Victor Galitski is an American physicist, a theorist working in the area of quantum physics.

==Education and career==
Galitski earned his PhD in applied math (under Prof. Dmitry Sokoloff from the Math Faculty in Moscow State University) and a 2^{nd} PhD in quantum physics under Prof. Anatoly Larkin. Galitski was later a postdoctoral fellow at the Kavli Institute for Theoretical Physics. He has been on the faculty at the University of Maryland since 2005, where he is now a Chesapeake Chair Professor of Theoretical Physics.
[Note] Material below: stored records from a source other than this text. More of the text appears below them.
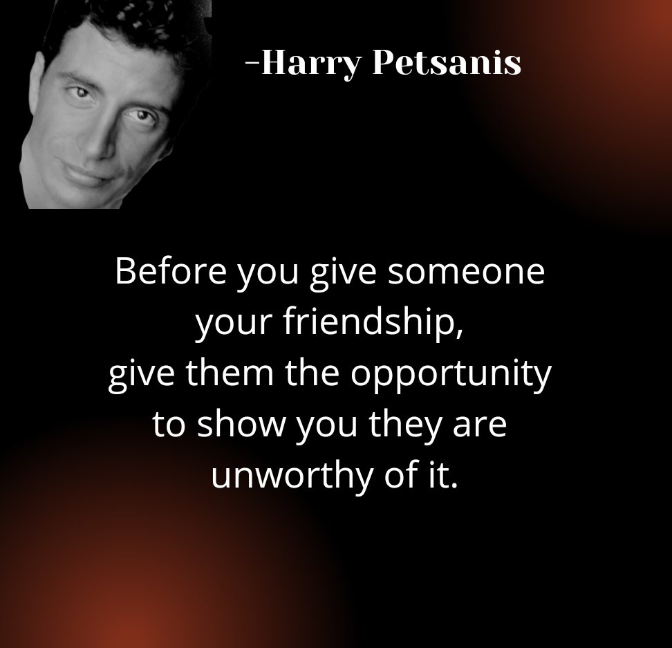 Before you give someone your friendship, give them the opportunity to show you they are unworthy of it. -Harry Petsanis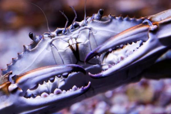 Seekor kepiting biru yang berasal dari perairan Samudra Atlantik bagian barat dan Teluk Meksiko dan ditangkap di Teluk Boka, Montenegro, 13 Maret 2024. REUTERS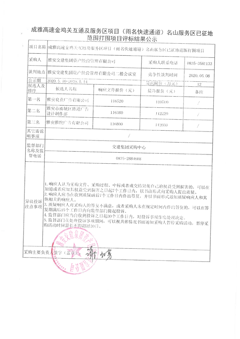 雅安交建集團(tuán)資產(chǎn)經(jīng)營管理有限公司成雅高速金雞關(guān)互通及服務(wù)區(qū)項目(雨名快速通道)名山服務(wù)區(qū)已征地范圍打圍項目評標(biāo)結(jié)果公示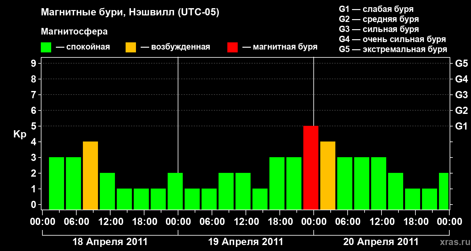 Изменения геомагнитного индекса Kp с 18 по 20 апреля 2011 года для средних широт

He is also a Fellow of the Joint Quantum Institute there, an honorary professor at Monash University in Melbourne, Australia, and a foreign partner of the Australian ARC Centre of Excellence in Future Low-Energy Electronics Technologies (FLEET).

Galitski has been awarded the NSF career award, Simons Investigator award, the Open Society Fellowship, and the Future Fellowship from Australian Research Council.
His notable researches include the 2010 prediction of topological Kondo insulators. In 2006, he introduced a new kind of spin-orbit coupled Bose-Einstein Condensate.
In 2007, together with University of Maryland coworkers including Sankar Das Sarma, Galitski resolved the minimal conductivity puzzle in graphene physics. Together with Gil Refael, Galitski co-introduced Floquet topological insulators.

In July 2021, Galitski published a viral essay on linkedin, entitled "Quantum Computing Hype is Bad for Science," cautioning about unsupported, inflated claims in the quantum computing industry and the dangerous possibility of "quantum Ponzi schemes."

== Books ==

- Galitski, Victor (2013). "Exploring Quantum Mechanics: A Collection of 700+ Solved Problems for Students, Lecturers, and Researchers"

==Family background==
Victor Galitski was born in Moscow, Russia in a family of Jewish, German, and Russian ancestry. His grandfather Victor Galitskii (Галицкий,_Виктор_Михайлович) was a renowned physicist, who worked with Lev Landau, and Arkady Migdal, and was director of the theoretical physics department in the Kurchatov Institute.